Hello Alfred Interview On Successful Startups

It’s the American dream: take an idea and make it into a multi-million dollar business. That’s exactly what Marcela Sapone and Jessica Beck did with Hello Alfred. They’re the geniuses behind the app/service, which allows you to hire a butler to come by each week to do your errands — laundry, tidy up, mail — at an affordable rate. Everyone knows that decreased chore time has a direct link to increased fun time.

These two creative co-founders are on the cutting edge and crushing it. That’s why it’s no surprise that they’ve landed on our #CrushList nominations this year (go vote!).

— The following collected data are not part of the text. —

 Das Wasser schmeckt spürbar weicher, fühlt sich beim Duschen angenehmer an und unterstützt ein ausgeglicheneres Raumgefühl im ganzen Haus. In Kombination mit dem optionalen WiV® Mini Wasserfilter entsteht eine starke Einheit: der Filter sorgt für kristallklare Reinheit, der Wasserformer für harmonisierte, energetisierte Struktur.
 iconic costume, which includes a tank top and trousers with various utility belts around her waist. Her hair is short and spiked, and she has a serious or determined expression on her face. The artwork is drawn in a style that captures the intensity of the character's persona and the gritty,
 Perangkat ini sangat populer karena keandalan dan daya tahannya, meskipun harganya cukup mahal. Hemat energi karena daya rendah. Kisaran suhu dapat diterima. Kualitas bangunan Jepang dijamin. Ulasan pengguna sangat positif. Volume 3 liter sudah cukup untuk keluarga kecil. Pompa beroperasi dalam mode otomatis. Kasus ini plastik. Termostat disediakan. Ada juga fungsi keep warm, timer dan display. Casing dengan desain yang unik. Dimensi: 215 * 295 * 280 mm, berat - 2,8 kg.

Given their incredible success as influential tech entrepreneurs, we decided to catch up with them to get their advice on starting up. Follow these eight tips to successfully kickstart your startup:

Get Over That Fear Of Starting Your Startup

Marcela Sapone: Just think about it as follows: how do you mitigate as much risk as possible? Can you — before you decide to quit your job — figure out what are the key questions you’re trying to answer with your idea? That will validate your hypothesis more than just having an idea. You shouldn’t quit your job for an idea. Quit your job because you have conviction that is based off of qualitative and quantitative feedback from the market and from your potential customers.

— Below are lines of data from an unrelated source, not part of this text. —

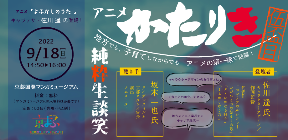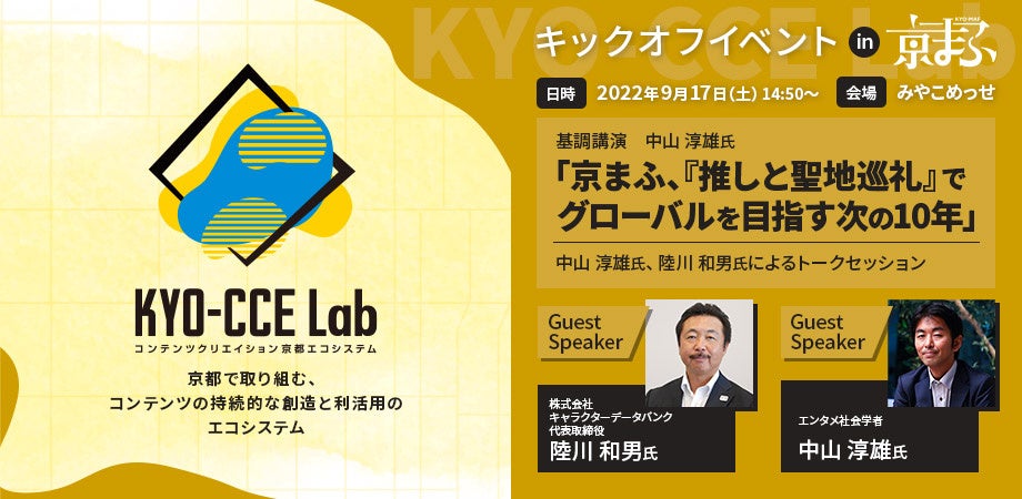 株式会社ツクリエ(本社:東京都千代田区 代表取締役:鈴木英樹 以下、ツクリエ)は、京都市より運営受託をするコンテンツクリエイション京都エコシステム基盤構築事業の一環で、京都国際マンガ・アニメフェア(以下、京まふ)2022の連携企画として、エンタメ社会学者として活躍する中山淳雄氏とキャラクターデータバンク代表・陸川和男氏によるビジネスセミナーを開催します。
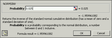 โดยโปรแกรม Minitab ได้ดังนี้ Inverse Cumulative Distribution Function Normal with mean = 0 and standard deviation = 1.00000 P( X <= x ) x 0.0250 -1.9600
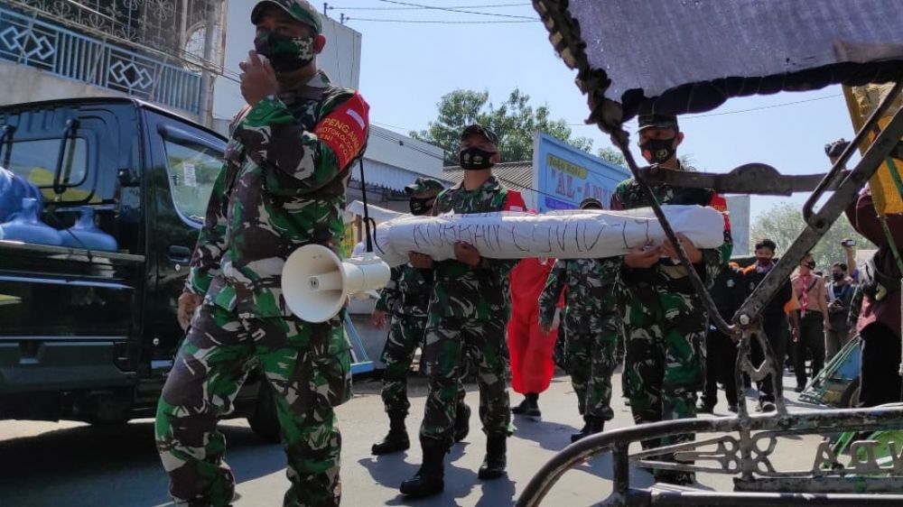 Dan yang menarik, mereka membawa boneka replika berbentuk pocong dengan bertuliskan 'Korban Covid-19'. Kemudian seorang anggota TNI memasang masker kepada masyarakat yang melintas di Pasar Tradisional Citra Niaga (Pasar Legi) Jombang tidak memakai masker.

And remember that being an entrepreneur is a full-body exercise. It’s a complete lifestyle. If you’re not able to give your entire week to working, it might be a good signal that being an entrepreneur is not the right path for you.

Vet The Idea… Before You Quit Your Job

MS: The first thing we thought was: what are the different ways we can achieve this same goal in different formats, then go out there and test it? That way you’re not jumping off a cliff with an idea. We actually got real customers and built a version of the product to get feedback, and we did that for an entire year before we took the plunge to start a business.

Don’t Be Scared To Share Your Unique Idea With Others

Jessica Beck: It’s a fear that many first-time entrepreneurs have: if they share their idea, someone is going to take it. My advice is think about how hard it is to quit your job, build a team and start a business. Beyond that, why would someone — who isn’t you — be as passionate about this potential idea that you have? The probability that they go and take your idea is — in my book — null. Maybe 1%. However, the valuable insight you get from sharing your idea — the reflexive feedback, having people probe you and ask you questions — is 10 times more valuable than the small risk of someone copying your idea.

Also, if the barriers of entry are so low that someone can just take that idea, it’s probably not a really good one.

Ask For Help

MS: One of the things that you have to realize is that as you go through this journey, you have to learn to ask for help. And you’ll have to do that more times than you ever expected. If you’re so guarded in the beginning that you don’t seek out expertise or people that have a different point of view, and share enough to get them to help, then the odds of you getting to a place where you can actually execute something and have it be successful are quite small.

Where To Find The Right Help

JB: You start with one person you trust and then you ask for an introduction to somebody in their network that they trust. You ask questions that don’t necessarily have to do with your business but ask them to teach you. We all approach stuff with a beginner’s mindset. Somebody should be able to provide an overarching explanation of how it works. If they can’t, that’s probably someone you don’t want to work with. No black boxes.

Learn The Other Aspects Of The Business

JB: The best example I can give you is if you play basketball, you can be a great point guard but it doesn’t mean that you have the skills or height to be a center. However, you know enough about the skills and strategy of the game that you know how to work with a center. At a certain point, you don’t need to be good at everything. You just need to understand things and know how to ask for help on the things that you’re not good at.

In the beginning, all of the major functions of the business we began doing ourselves. Marcela and I were the first Alfreds of the business: we were the first customers, we set up the first books, and much more. We had some formal training before we started the company and — this is a good example of what you were asking before — this was where we asked for help. Had we raised venture capital before? No, but we knew other founders who had, so we asked them to introduce us.

Embrace Failure

JB: We fail every day. Early on, we had talks of shutting it all down. We even told our customers that we were winding things down before they came back to us and asked us not to do that. That reinforced that our business was in fact heading down the right path.

Just remember that this is more like baseball, where being great is having a .200 or .300 batting average.

Deal With The Doubters

JB: You encounter that everywhere you go, whether it’s family or friends. If you have only people that doubt, then it becomes very, very hard. But I look at it from another perspective too: it also doesn’t help to have people around you who only believe. If you’re only surrounded by supporters, then you might miss an important question. There has to be a balance.